Rahman’s criticism is notable. His organization’s numbers, gathered from informants on the ground in Syria, are the most widely quoted source for information on the daily violence inside Syria. His is also the only organization that attempts to record casualties from all sides of the conflict – rebels, the government and civilians. To date, he’s logged about 46,000 deaths since the uprising against Syrian President Bashar Assad began in March 2011.
Megan Price, a senior statistician for Benetech, the California firm that compiled the report for the UN Office of the High Commissioner for Human Rights, said Rahman had shared his concerns with the report’s authors. "We have nothing but the utmost respect for the groups doing this very hard work,” Price said, adding that Rahman’s concerns about the accuracy of some of the data used in the study “are valid."

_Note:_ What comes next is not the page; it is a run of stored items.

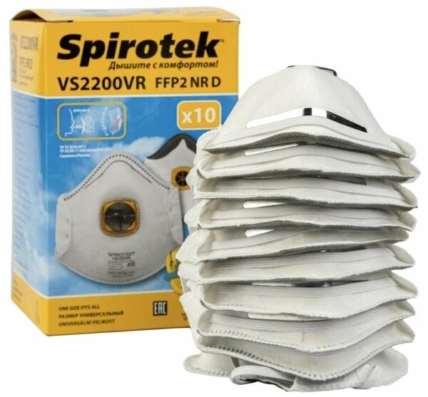 Респиратор-полумаска 10 шт. фильтрующая SPIROTEK (спиротек) VS2200VR с клапаном выдоха, FFP2 интересное: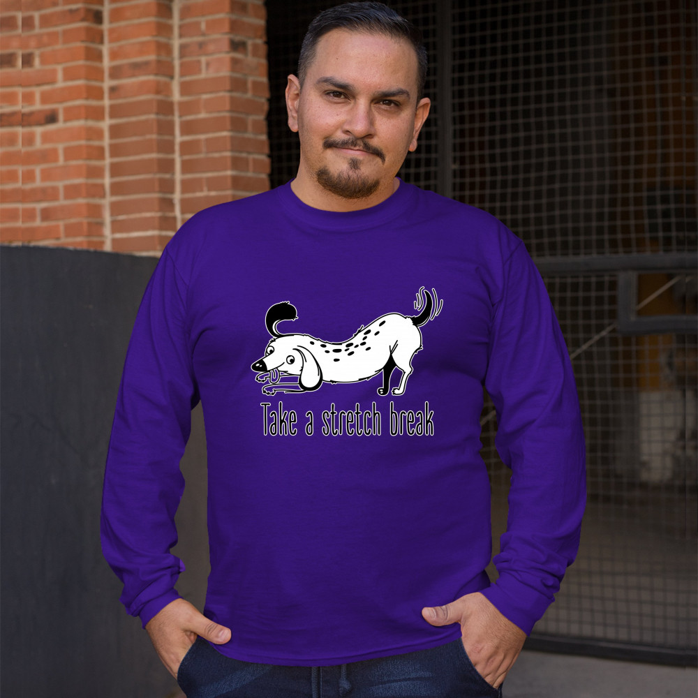 TAKE A STRETCH BREAK long sleeve t-shirt funny dachshund dog lover pet owner purple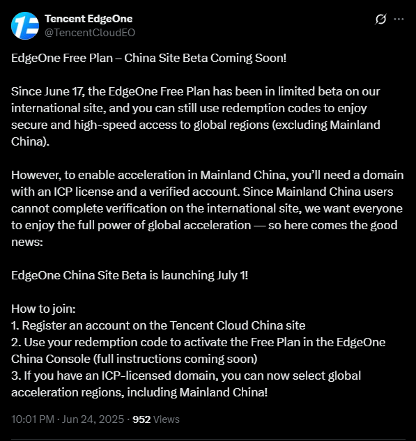 以下是腾讯EdgeOne国际发布在X平台上的原文: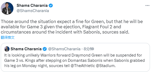 格林是否会被联盟追加禁赛?据名记shams报道,格林不太可能因脚踩国王前锋小萨博尼斯被禁赛。了解情况的人士透露,格林预计将会被罚款;格林预计将被允许出战系列赛第三场比赛。
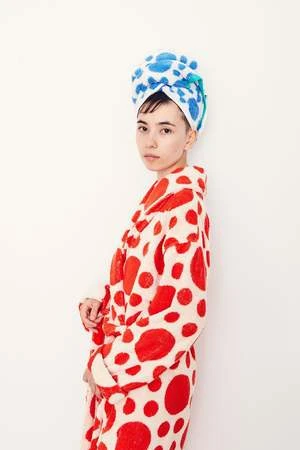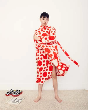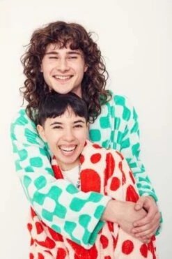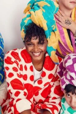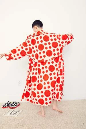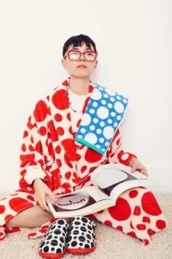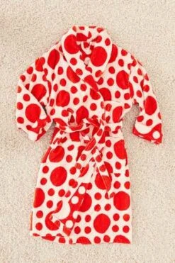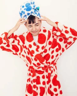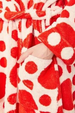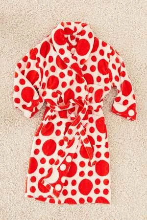 Bathrobe in Ring pattern. Cotton terry bathrobe with shawl collar, patch pockets, and tie in red and white Wingdings pattern. 100% cotton terry, 450 gsm. This item is Oeko-Tex Standard 100 certified (no harmful chemicals were used during its production). Made in Turkey.

But she also said she still agreed with the report’s general conclusion that the data used to compile the report, gathered from six organizations and the Syrian government, almost certainly missed a number of deaths that have yet to be counted. “The statistics presented in this report should be considered minimum bounds,” the report said.
“Based on our experience in other countries, and really just thinking about the way that violence occurs, there will inevitably be violence that is not recorded, especially if it leaves behind only the perpetrators or witnesses who don’t feel safe enough to report or they don’t have any reason to,” she said.
That view was endorsed by Radwan Ziadeh, the director of the Syrian Center for Political and Strategic Studies, which is part of another group that tracks casualties, the Syrian Network for Human Rights. The network, which only records deaths of rebel fighters and civilians, has reported the deaths of 42,343 people since March 18, 2011.